Benefits of early intensive type 2 diabetes treatment persist after 10 years
medwireNews: Improvements in cardiovascular risk factors remain 5 years after the end of intensive multifactorial treatment of people newly diagnosed with type 2 diabetes in the ADDITION-Europe trial, report the investigators.
Simon Griffin (University of Cambridge, UK) and study co-authors report data from the 10-year follow-up of people with screen-detected type 2 diabetes who had received 5 years of either intensive multifactorial treatment or standard care, after which they all received standard care.
Among the 3031 people who participated in this long-term follow-up, those in the intensive treatment group mostly sustained their original improvements in the risk factors of bodyweight, blood pressure, total cholesterol, and glycated hemoglobin, although the latter rose markedly from its nadir 1 year after diagnosis.
However, after the randomized period ended, the previously identified between-group differences began to disappear.
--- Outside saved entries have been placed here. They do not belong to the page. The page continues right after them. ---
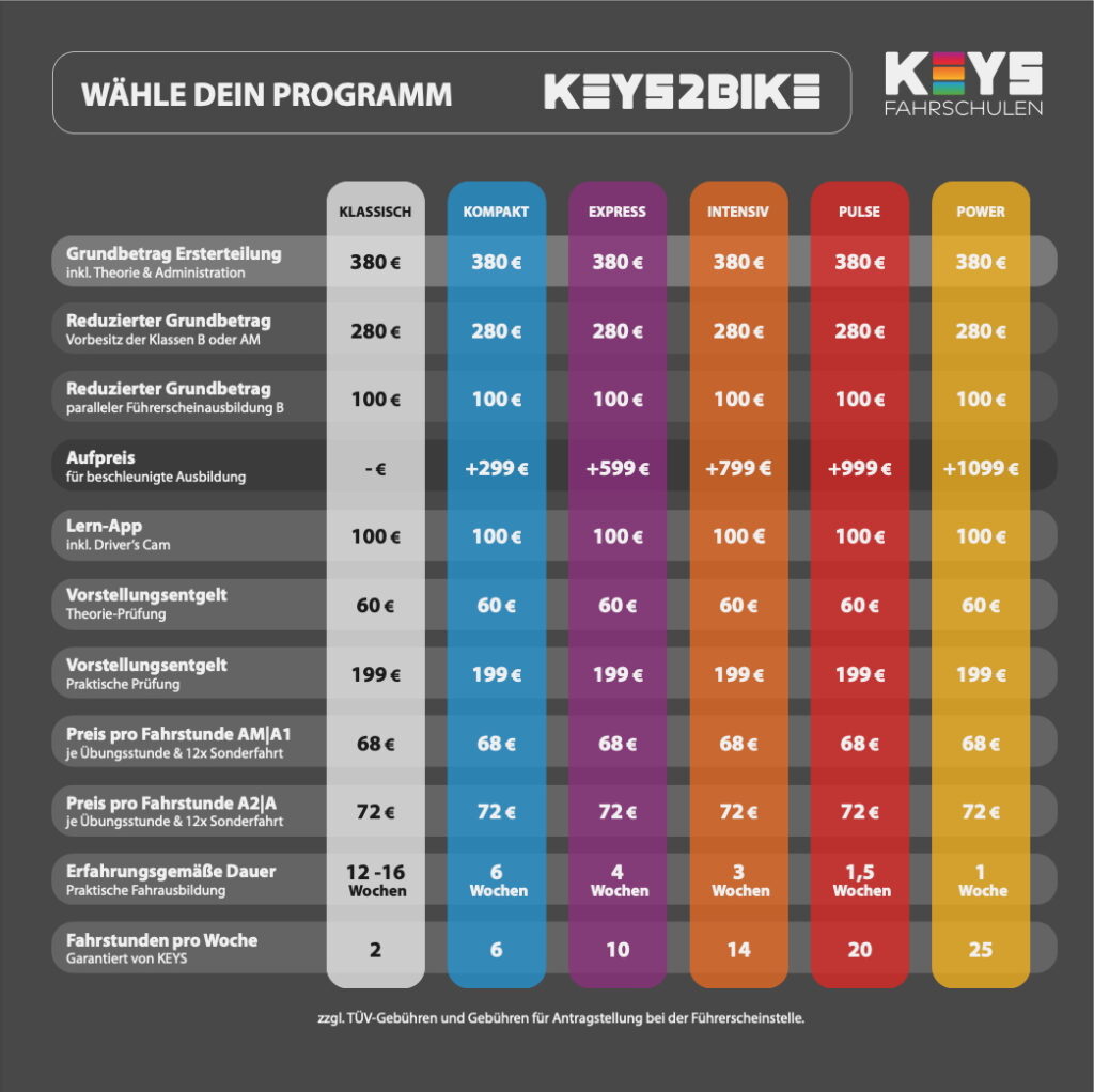 TÜV-Gebühren sowie Gebühren für die Antragsstellung bei der Führerscheinstelle sind nicht enthalten.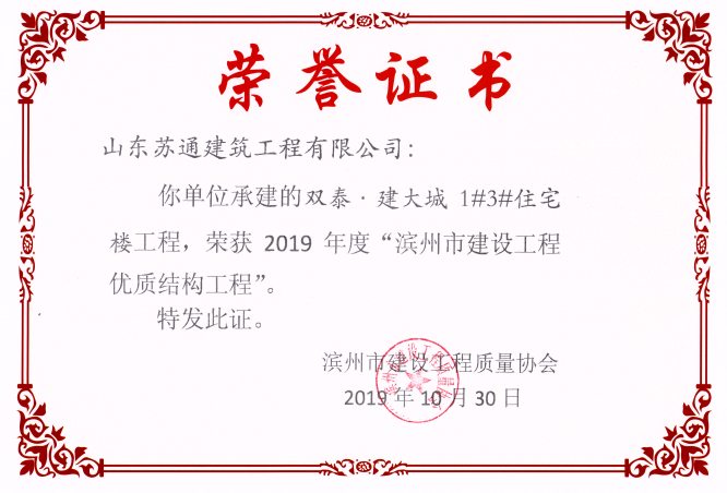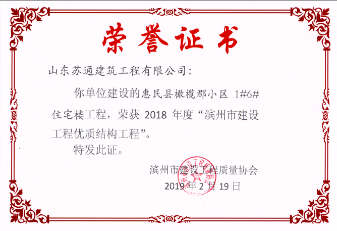 山東蘇通建筑工程有限公司,創(chuàng)建于2009年8月。目前擁有房屋建筑工程施工總承包壹級、市政公用工程施工總承包叁級、水利水電工程施工總承包叁級資質,同時還具有建筑裝修裝飾工程專業(yè)承包貳級、消防設施工程專業(yè)承包貳級、鋼結構工程專業(yè)承包叁級、建筑機電安裝工程專業(yè)承包叁級等專業(yè)承包資質。 公司總部坐落于山東省濱州市濱城區(qū)黃河十二路877號,現(xiàn)有辦公面積約2000平方米,機構設黨支部工會辦公室、總經理辦公室、綜合辦公室、工程管理部、經營預算部、資產財務部、材料設備部、運行管理部、法律事務部等多個職能部門。公司管理體系已經通過了GB/T 19001及GB/T 50430質量管理體系、GB/T 24001環(huán)境管理體系(EMS)、GB/T 28001職業(yè)健康安全管理體系(OHSMS)等體系的認證。 公司承建完工了濱州市建大教師之家、建大清怡苑、香格里拉水岸綠城住宅小區(qū)、雙泰建大城、曲阜崇德公館住宅小區(qū)、北海新區(qū)御景藍灣住宅小區(qū)、沾化德榮國際華城住宅小區(qū)、惠民橄欖郡住宅小區(qū)等工程項目,目前在建工程項目有:濱州市頤高國際電子商務產業(yè)園住宅小區(qū)項目、濱州市東盛國際項目、高新區(qū)建大中央華府住宅小區(qū)項目、濱州市融匯新里程住宅小區(qū)項目、濱州市建大秦皇壹號住宅小區(qū)項目、濱州市森林花...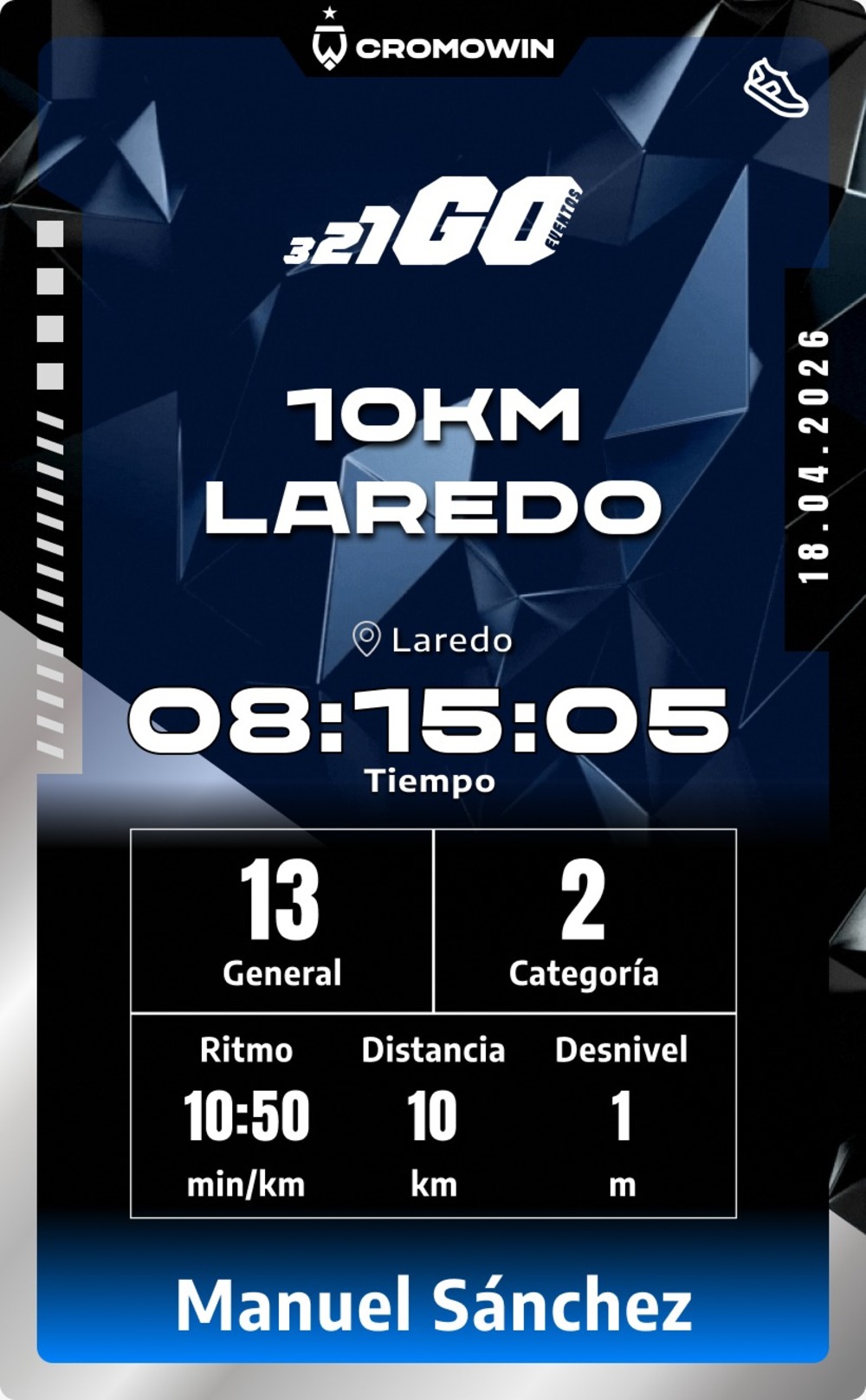 Colecciona tus logros deportivos en formato cromo. Con el Cromo Finisher puedes inmortalizar tu rendimiento en la GTPE de 2026. Personaliza tus logros con datos y fotos oficiales.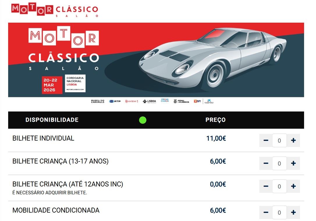 20/3/2026 a 22/3/2026 Salão Motorclássico regressa à Cordoaria Nacional, de 20 a 22 de março de 2026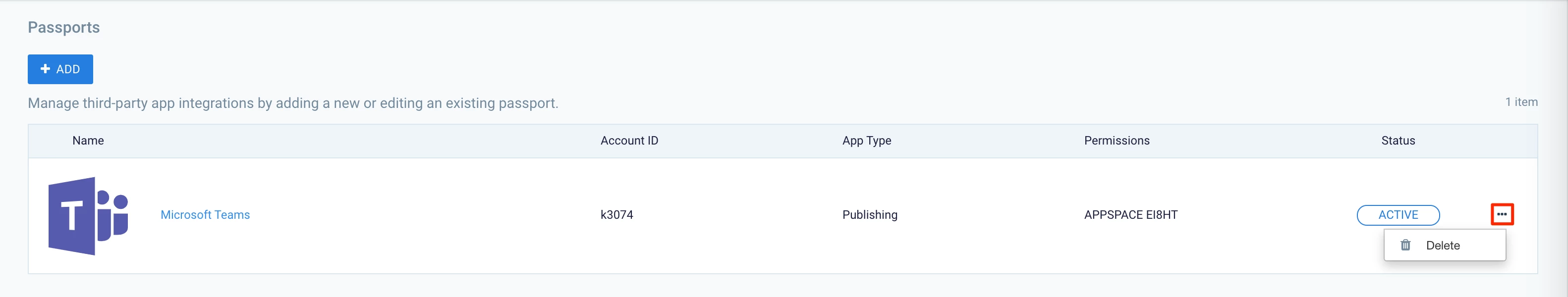 - Click the ellipsis for the desired Microsoft Teams integration, and click Delete.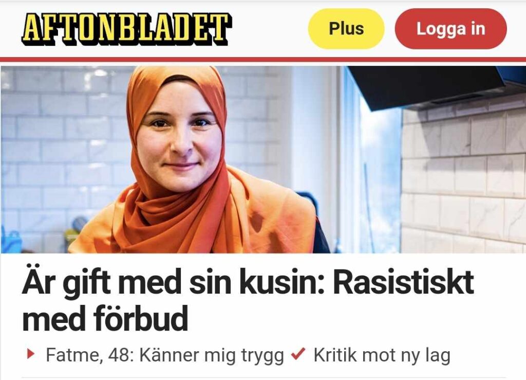 Forslaget om å forby søskenbarnekteskap fra 1. juli 2026 kommer etter en lang etterforskning og har som mål å bekjempe æresvold og de alvorlige genetiske defektene som oppstår etter generasjoner med søskenbarnekteskap. Men Aftonbladet har selvsagt vinklingen klar: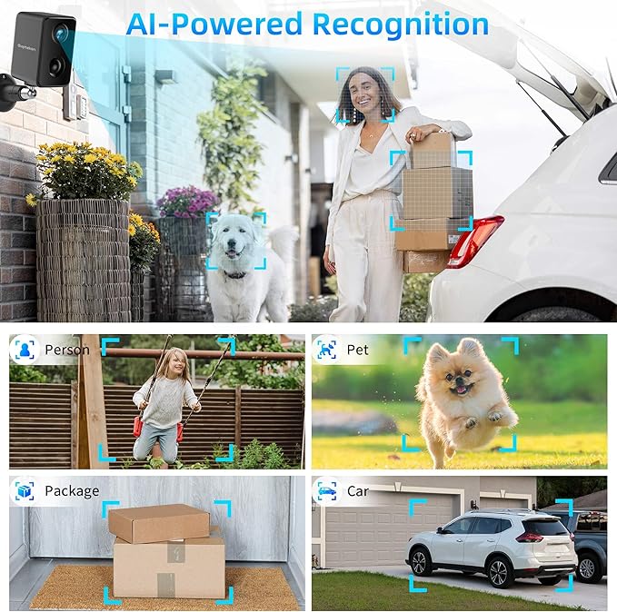• 【AI Powered & PIR Motion Sensor with Siren】The wireless security camera supports AI & PIR detection with siren that can recognize people, pets, packages or cars, which ensures accurate detection and fewer false alarms. Stay informed and react promptly to potential security threats, enhancing the overall safety of your surroundings.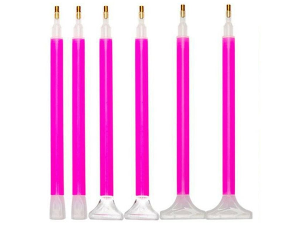 - Sada obsahuje 6 per s různými hroty, 2 pinzety, 4 diamantové tácky a 10 čtverečků lepidla.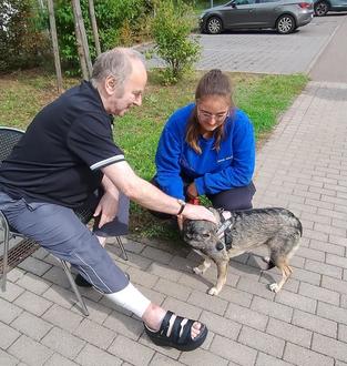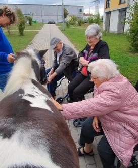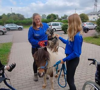 Am 17.09.2024 erhielten die Bewohner der Seniorenresidenz Lindenpark Tierischen Besuch von dem Förderverein "Ehrensache" e.V., die zwei Hunde und zwei Therapieponys dabeihatten.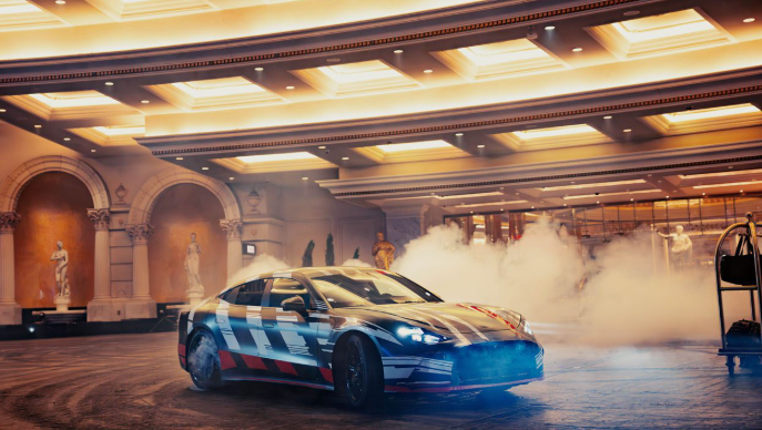 A colaboração foi inaugurada com uma ação espetacular e audaciosa, digna da cidade que nunca dorme. Imagine a cena: em meio ao brilho neon de Las Vegas, Brad Pitt, com seu carisma inconfundível, aguarda o serviço de valet. A surpresa se revela quando o inesperado atendente surge ao volante de um protótipo camuflado e imponente: ninguém menos que George Russell, pentacampeão da Fórmula 1 e membro da equipe Mercedes-AMG PETRONAS F1. A manobra não foi apenas uma demonstração de serviço, mas um convite para vislumbrar a essência do Mercedes-AMG GT Coupé 4 Portas em ação. Russell, com a precisão e a ousadia que lhe são características, extraiu do protótipo uma amostra do que está por vir: a agilidade surpreendente, a resposta instantânea e a emoção pura que definem um verdadeiro Mercedes-AMG.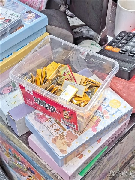日前,记者走访了梅县区新城中心小学、梅江区芹洋学校、梅江区城北镇中心小学等学校附近的文具店,发现有部分店铺售卖“烟卡”。为了方便学生购买,有些商家直接用盒子把装有各类香烟品牌的“烟卡”放在门口显眼处,有些商家则比较警惕,将一整盒“烟卡”藏在隐蔽处,只有学生询问了才会拿出来供学生挑选。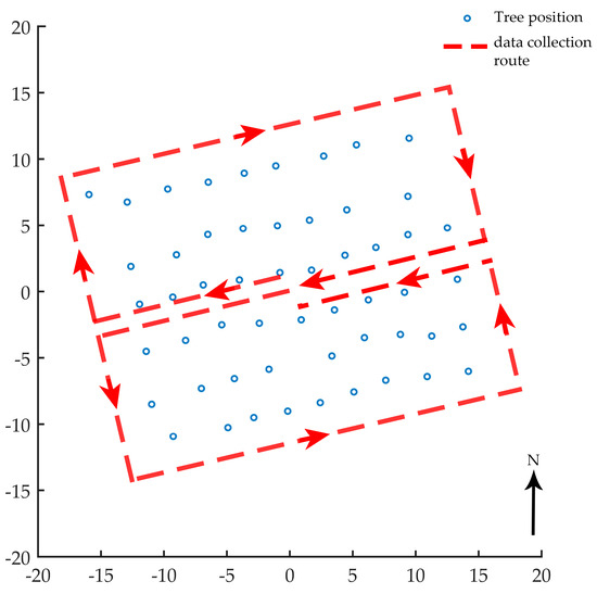 For point cloud data acquisition of each plot, the PLS operator walked in an approximate figure-eight shape, which is often used in outdoor point-cloud-based modeling. As shown in Figure 2, the operator began and ended at the center to make a closed route. The practical walking path should be fixed by the operator on the spot with all the stems covered inside the route. After confirmation, the point cloud data was exported and clipped by the operator. While collecting data, rough co-registration was generated in real-time. When the scanning was finished, a more precise co-registration was implemented, which took a few minutes for each plot. The average point density of each plot was 21,028 points/m2.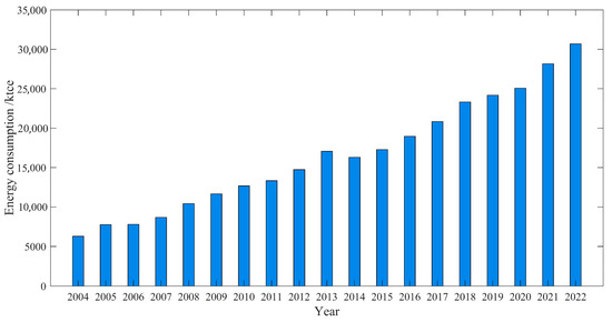 Based on the calculation methods presented in Table 1, the energy consumption data of civil buildings from 2004 to 2022 are presented in Figure 4. The energy consumption of civil buildings in Jiangsu Province exhibited an overall upward trend from 2004 to 2022. This trend is closely linked to economic development, the advancement of urbanization, and the improvement of living standards of the population.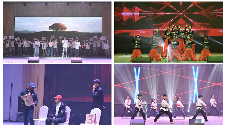 原創(chuàng)詩朗誦《遇見》,在時光長河的波光里回顧了學校發(fā)展歷程,歌頌了2024年逐光而行的不凡成就,激勵廣大師生與學校一道載夢飛翔。舞蹈《額爾古納河》展現(xiàn)了祖國山河的壯美與柔情,體現(xiàn)出人與自然的和諧共生。歌劇《沂蒙山》選段演繹了革命戰(zhàn)士大青山突圍、淵子崖戰(zhàn)役的崢嶸歷史?!段业拇髮W時代》通過逗趣的相聲表演生動再現(xiàn)了課堂奇遇、宿舍笑談的幽默時刻。明快靈動的小合唱《唱得幸福落滿坡》,用歌聲把觀眾帶到了豐收的田野中,看到了農民臉上洋溢的幸福笑容。二胡獨奏《戰(zhàn)馬奔騰》飽含著勇往直前的力量,訴說著英雄們的壯志豪情?!稇蚯?lián)唱》將眾多藝術形式巧妙聚集,唱念做打、五彩臉譜,一招一式盡顯東方之美。外籍教師羅杰一、王亮、艾瑪和國際創(chuàng)意課程學生合唱《We are the world》,用音樂展現(xiàn)了超越國界和文化的團結友愛。魔術表演《選擇》以絕妙的構思、精湛的手法為觀眾帶來無盡驚喜。舞蹈表演《醉春風》,在水墨煙雨中弄花影、戲春風,展現(xiàn)了草長鶯飛、杏花春雨的江南美景。《流行歌曲串燒》唱響青春之歌,給燦爛的成長歲月點燃生生不息的花火。《武動華章》將太極的柔、雙截棍的巧、跆拳道的剛匯聚一處,在動靜之間帶領觀眾走進武術世界。健身操舞《青春就這young》整齊劃一的動作、自信美麗的笑容,展現(xiàn)了商院學子積極向上的精神風貌。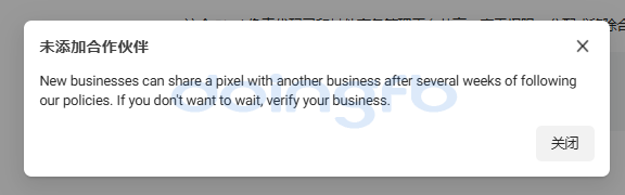 没办法 你这是bm太新了。看能通过合作伙伴那添加么 先添加合作伙伴 再分享像素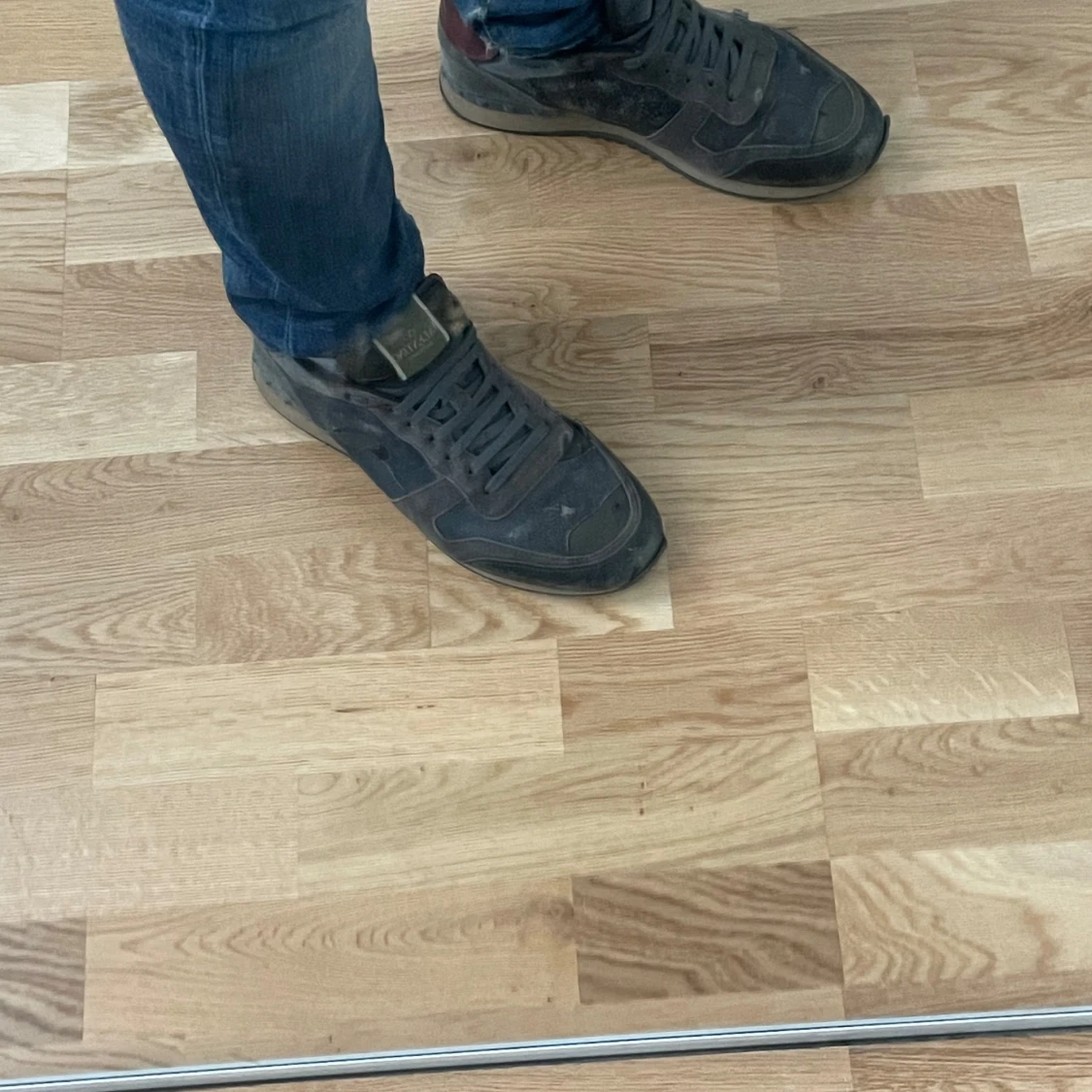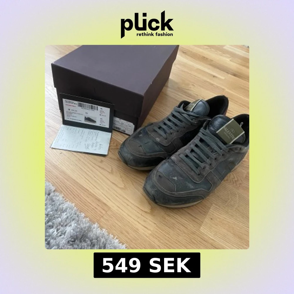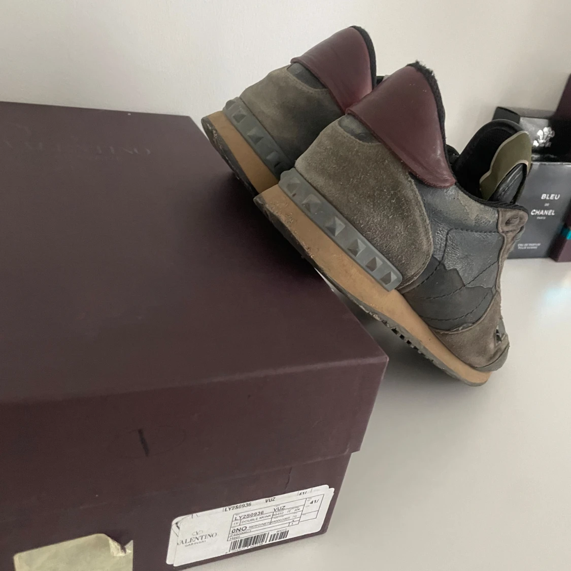 Säljer ett par Valentino Rockrunner sneakers i grått med mörkröda detaljer på hälen och klassiska nitar längs sulan. Skorna har snörning, rund tå och är tillverkade i en mix av skinn och mocka. Stl 41 men passar också 42. De är i befintligt skick och därför säljs för detta pris. Dock så ser de bättre ut på fötterna och slitaget syns inte lika väl med skorna på. Självklart äkta och äktehetsbevis finns. Priset kan diskuteras. Om du vill ha box med: 250kr extra.
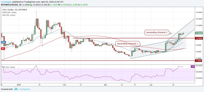 EOS đã bắt đầu một xu hướng tăng mới và đang bên trong kênh tăng dần 2, nó đã vượt qua target đầu tiên của chúng tôi và hiện tại đang tiếp tục tiến tới target thứ hai ở mức trên 12 USD.

People formerly allocated to intensive treatment continued to receive significantly more antihypertensive medications than those who had received standard care throughout (86.4 vs 82.4%), but prescriptions of other medications were equivalent, and their cardiovascular risk factor profiles did not significantly differ.
Similar to the 5-year outcomes, there was no significant between-group difference in the risk for a first cardiovascular event, but there remained a tendency for people in the intensive care group to have fewer events, at a rate of 14.3 per 1000 person–years compared with 16.1 per 1000 person–years in the standard care group, giving a nonsignificant hazard ratio of 0.87 (95% confidence interval 0.73–1.04).
Likewise, the all-cause mortality rates were 14.3 versus 15.6 per 1000 person–years, giving a hazard ratio of 0.90 (95% confidence interval 0.76–1.07).
In a commentary accompanying the publication in The Lancet Diabetes & Endocrinology, Kohjiro Ueki (National Center for Global Health and Medicine, Tokyo, Japan) and co-authors stress that “a prospective cohort in which patients are exposed to good control of risk factors in the first decade after diagnosis is rare.”
They say: “Despite the lack of statistical significance—probably partly due to improvements in clinical practice when the study was done—these findings lend support to early multifactorial intervention in type 2 diabetes.”
The contrast of cardiovascular event rates in ADDITION-Europe with the much higher ones in older trials such as the UKPDS indicates that “intensive multifactorial treatment of type 2 diabetes in primary care is now pragmatically feasible and might contribute to prevention of cardiovascular events,” say the commentators.
And they conclude: “It will be interesting to see whether the possible benefits from intensive multifactorial treatment in ADDITION-Europe will become more evident in the next decade, or whether they will fade as in the Veterans Affairs Diabetes Trial.”